Mary Lucy "Marilu" Denise Henner (born April 6, 1952) is an American actress. She began her career appearing in the original production of the musical Grease in 1971, before making her screen debut in the 1977 comedy-drama film Between the Lines. In 1977, Henner was cast in her breakthrough role as Elaine O'Connor Nardo in the ABC/NBC sitcom Taxi, a role she played until 1983 and received five Golden Globe Award nominations. She later had co-starring roles in films such as Hammett (1982), The Man Who Loved Women (1983), Cannonball Run II (1984), Johnny Dangerously (1984), Rustlers' Rhapsody (1985), Ladykillers (1988), L.A. Story (1991), and Noises Off (1992). She returned to television with a starring role in the CBS sitcom Evening Shade (1990–1994), and later had leading roles in many made-for-television movies.

Early life
Henner was born in Chicago, Illinois, the daughter of Loretta Callis (born Nikoleta Kalogeropoulos), who died of complications of arthritis at age 58 and Joseph Henner (whose surname was originally Pudlowski), who died of a heart attack at age 52.

Career
While a student at the University of Chicago in the Hyde Park neighborhood of Chicago, Henner originated the role of "Marty" in the Kingston Mines production of Grease in 1971. When the show was discovered and moved to Broadway, she was asked to reprise the role; however, she chose instead to play "Marty" in the national touring company alongside John Travolta, who played "Doody". Additional Broadway credits for Henner include Over Here!, with Travolta, revivals of Pal Joey, Chicago, Social Security, and The Tale of the Allergist's Wife. Her first film appearance was in 1977 sleeper-hit Between the Lines, co-starring then-unknowns Jeff Goldblum, Lindsay Crouse, John Heard, and Jill Eikenberry. Her second role was opposite Richard Gere in the 1978 film Bloodbrothers.

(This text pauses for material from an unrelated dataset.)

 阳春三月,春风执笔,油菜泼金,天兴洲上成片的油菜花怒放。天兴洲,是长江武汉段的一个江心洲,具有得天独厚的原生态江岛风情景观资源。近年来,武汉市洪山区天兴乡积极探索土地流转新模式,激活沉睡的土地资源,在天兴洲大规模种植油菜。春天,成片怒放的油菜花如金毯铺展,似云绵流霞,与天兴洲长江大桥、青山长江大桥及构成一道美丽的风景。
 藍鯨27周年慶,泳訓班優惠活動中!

Henner came to prominence with the role of Elaine Nardo in the situation comedy Taxi, portraying a single mother working as a cabbie who aspired to be an artist. She was the leading lady in the 1982 film Hammett directed by Wim Wenders, produced by Francis Ford Coppola and starring her first husband Frederic Forrest. In 1983, Henner starred opposite Burt Reynolds in The Man Who Loved Women, directed by Blake Edwards. Reynolds then asked Henner to join the cast of Cannonball Run II later that year along with Shirley MacLaine and Dom DeLuise. She was the leading lady in the 1984 film Johnny Dangerously, playing the love interest to Michael Keaton. In 1985 she once again appeared alongside John Travolta in Perfect.  In 1991 she appeared opposite Steve Martin in L.A. Story as Trudi, a role for which she received a nomination for an American Comedy Award as the Funniest Supporting Female in a Motion Picture. From 1990 through 1994, she appeared opposite Burt Reynolds in the situation comedy Evening Shade, which also starred Ossie Davis and Hal Holbrook. She also appeared in Noises Off (1992) and in Man on the Moon (1999), a film about her Taxi co-star Andy Kaufman. Henner played herself (as well as herself playing her Taxi character).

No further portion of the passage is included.